_Exercise description:_ Every line of the records below from the line with "This universal pop-up" up to and including the line with "We carefully select" must be reproduced exactly, and no line outside that range.

(Data listing Opens)

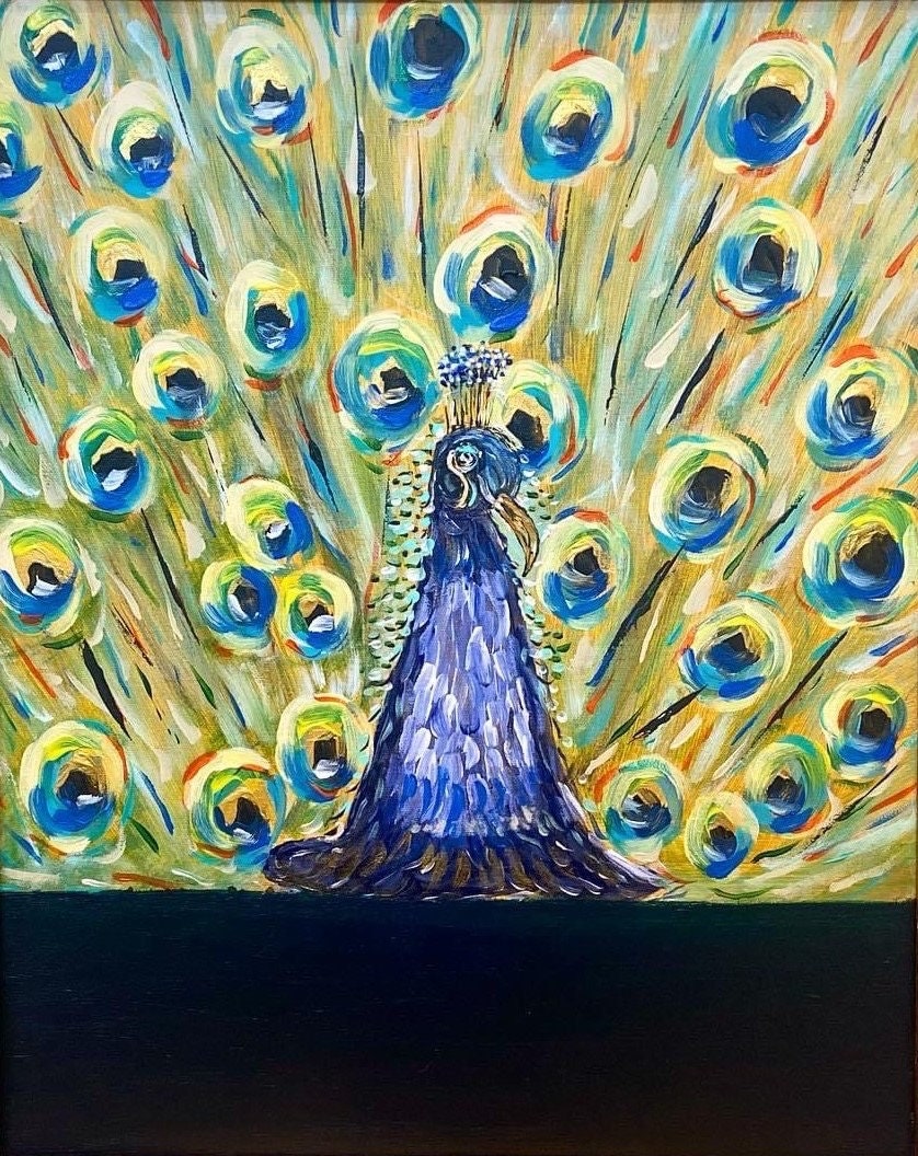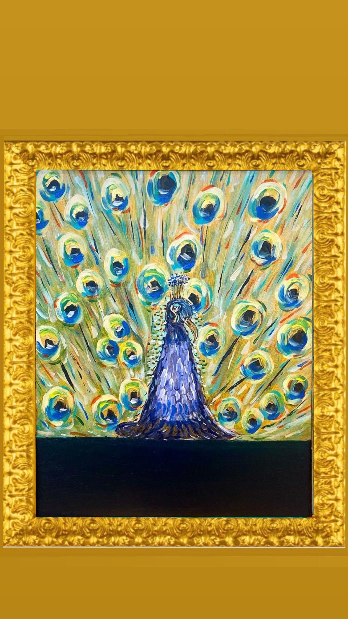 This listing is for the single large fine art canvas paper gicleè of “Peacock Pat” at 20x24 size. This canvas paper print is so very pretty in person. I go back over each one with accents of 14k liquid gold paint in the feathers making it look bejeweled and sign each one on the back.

(Data listing Closes)
(Data listing Opens)

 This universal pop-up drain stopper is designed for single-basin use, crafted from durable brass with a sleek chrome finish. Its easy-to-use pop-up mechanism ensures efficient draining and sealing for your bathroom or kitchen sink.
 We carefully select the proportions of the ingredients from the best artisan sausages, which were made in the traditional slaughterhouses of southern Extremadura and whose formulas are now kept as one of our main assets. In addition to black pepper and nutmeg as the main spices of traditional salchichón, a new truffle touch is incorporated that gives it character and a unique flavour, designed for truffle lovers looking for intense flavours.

(Data listing Closes)

_Solution below:_
 This universal pop-up drain stopper is designed for single-basin use, crafted from durable brass with a sleek chrome finish. Its easy-to-use pop-up mechanism ensures efficient draining and sealing for your bathroom or kitchen sink.
 We carefully select the proportions of the ingredients from the best artisan sausages, which were made in the traditional slaughterhouses of southern Extremadura and whose formulas are now kept as one of our main assets. In addition to black pepper and nutmeg as the main spices of traditional salchichón, a new truffle touch is incorporated that gives it character and a unique flavour, designed for truffle lovers looking for intense flavours.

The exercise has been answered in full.